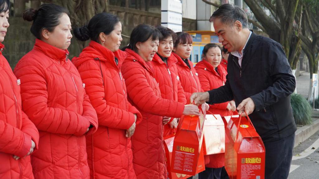 2月12日上午10时,农历大年初一,学校党委书记李志雄带领党政办公室、党委宣传部、党委保卫部、后勤处等相关部门负责人及值班干部,到保卫处、食堂、学生公寓、行政办公楼看望慰问了各部门在寒假期间坚守工作岗位的值班人员。
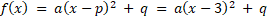 Znając oś symetrii paraboli wyznaczamy pierwszą współrzędną wierzchołka paraboli. Wiedząc, że do wykresu funkcji należą dwa punkty, używamy ich współrzędnych i tworzymy układ dwóch równań z dwiema niewiadomymi a i q, które wyznaczamy. Następnie zapisujemy postać kanoniczną.
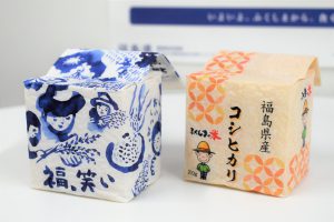お米は、福島県労福協を通じて、JA福島(JAパールライン福島株式会社)から仕入れを行い、福島県のブランド米である「福、笑い」と「福島県産コシヒカリ」の2つの銘柄を2合(300g)ずつ真空パックに詰めたセットを販売します。
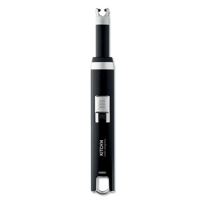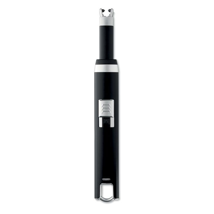 Accendino ricaricabile USB con fiamma ad arco singolo. Batteria agli ioni di litio da 220 mAh. Compreso cavo di ricarica USB.
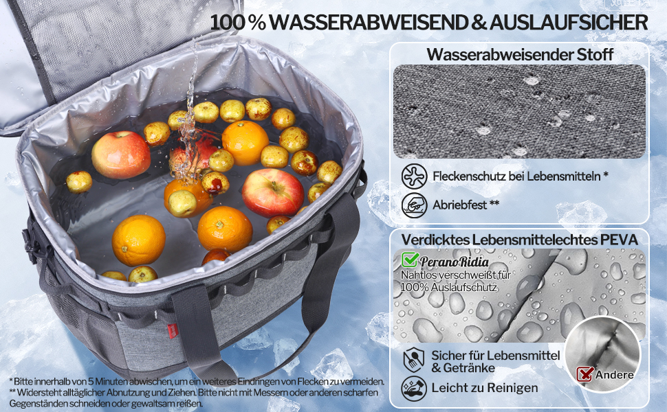Premium insulation: With 8mm EPE foam and food-safe PEVA inner lining, the bag keeps food and drinks pleasantly cool for up to 12 hours.
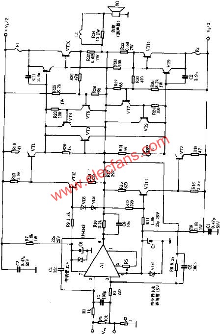 本电路如图所示,是用A1(CA3100)集成电路做输入级,而功放级则是用分离晶体管,实际上是具有公共反馈环的两个级联的放大模块。分列放大模块则由R17、R10和C8构成自身局部反馈。分列部分的输入级是一共基极VT12、VT13(Q12、Q13)电路,此级用做电压转换器并工作在A类,下一级VT1、VT2(Q1、Q2)也工作在A类,而其主要功能为电压放大。
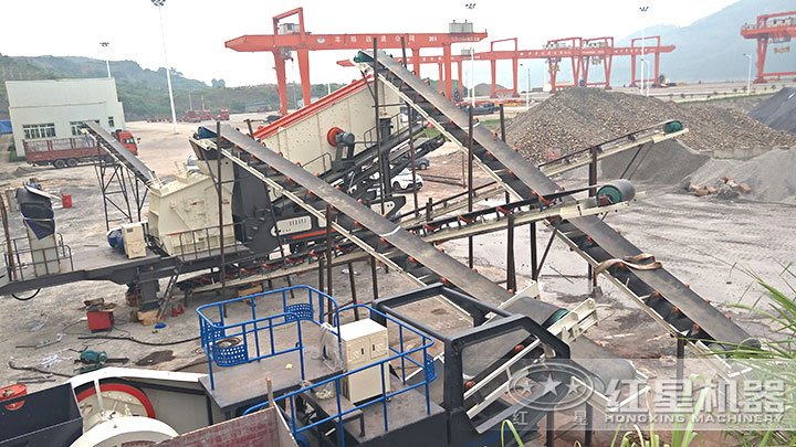 1、配置錘式破碎機、振動給料機、振動篩的“三合一”移動破碎站作業現場,一次成型,簡化工藝流程,降低投資成本,成品粒型好、市場需求大。
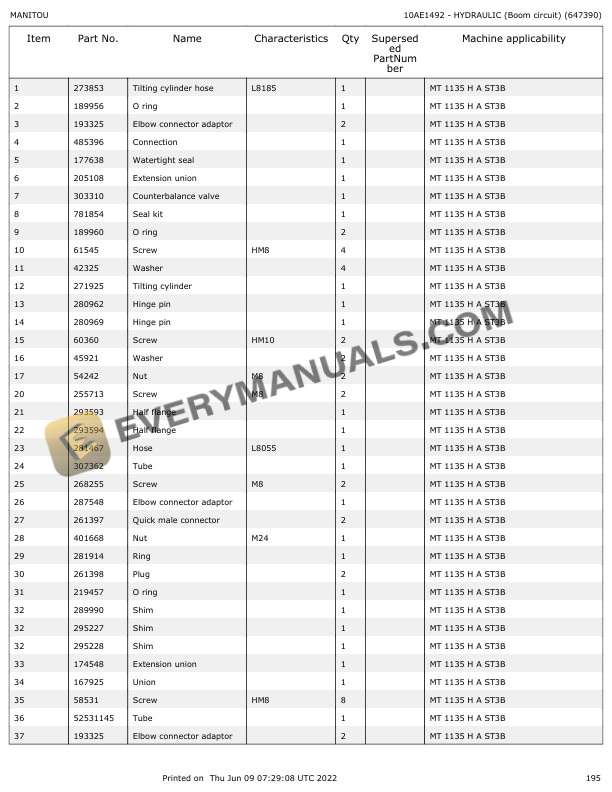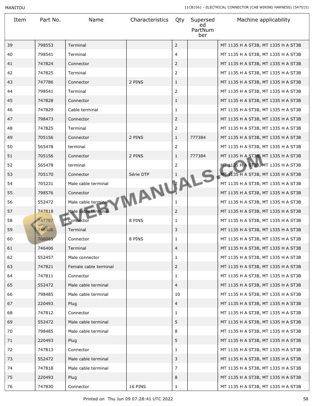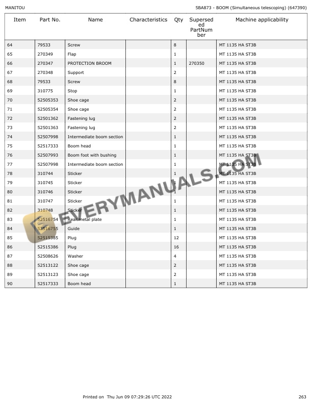 Manitou MT 1135 HA ST3B, MT 1335 HA ST3B Parts Manual 647390

################

• EXERCISE INSTRUCTIONS: Please give the data again in full, exactly as written, but without any images.

• SOLVED EXERCISE:
 2月12日上午10时,农历大年初一,学校党委书记李志雄带领党政办公室、党委宣传部、党委保卫部、后勤处等相关部门负责人及值班干部,到保卫处、食堂、学生公寓、行政办公楼看望慰问了各部门在寒假期间坚守工作岗位的值班人员。
 Znając oś symetrii paraboli wyznaczamy pierwszą współrzędną wierzchołka paraboli. Wiedząc, że do wykresu funkcji należą dwa punkty, używamy ich współrzędnych i tworzymy układ dwóch równań z dwiema niewiadomymi a i q, które wyznaczamy. Następnie zapisujemy postać kanoniczną.
お米は、福島県労福協を通じて、JA福島(JAパールライン福島株式会社)から仕入れを行い、福島県のブランド米である「福、笑い」と「福島県産コシヒカリ」の2つの銘柄を2合(300g)ずつ真空パックに詰めたセットを販売します。
 Accendino ricaricabile USB con fiamma ad arco singolo. Batteria agli ioni di litio da 220 mAh. Compreso cavo di ricarica USB.
Premium insulation: With 8mm EPE foam and food-safe PEVA inner lining, the bag keeps food and drinks pleasantly cool for up to 12 hours.
 本电路如图所示,是用A1(CA3100)集成电路做输入级,而功放级则是用分离晶体管,实际上是具有公共反馈环的两个级联的放大模块。分列放大模块则由R17、R10和C8构成自身局部反馈。分列部分的输入级是一共基极VT12、VT13(Q12、Q13)电路,此级用做电压转换器并工作在A类,下一级VT1、VT2(Q1、Q2)也工作在A类,而其主要功能为电压放大。
 1、配置錘式破碎機、振動給料機、振動篩的“三合一”移動破碎站作業現場,一次成型,簡化工藝流程,降低投資成本,成品粒型好、市場需求大。
 Manitou MT 1135 HA ST3B, MT 1335 HA ST3B Parts Manual 647390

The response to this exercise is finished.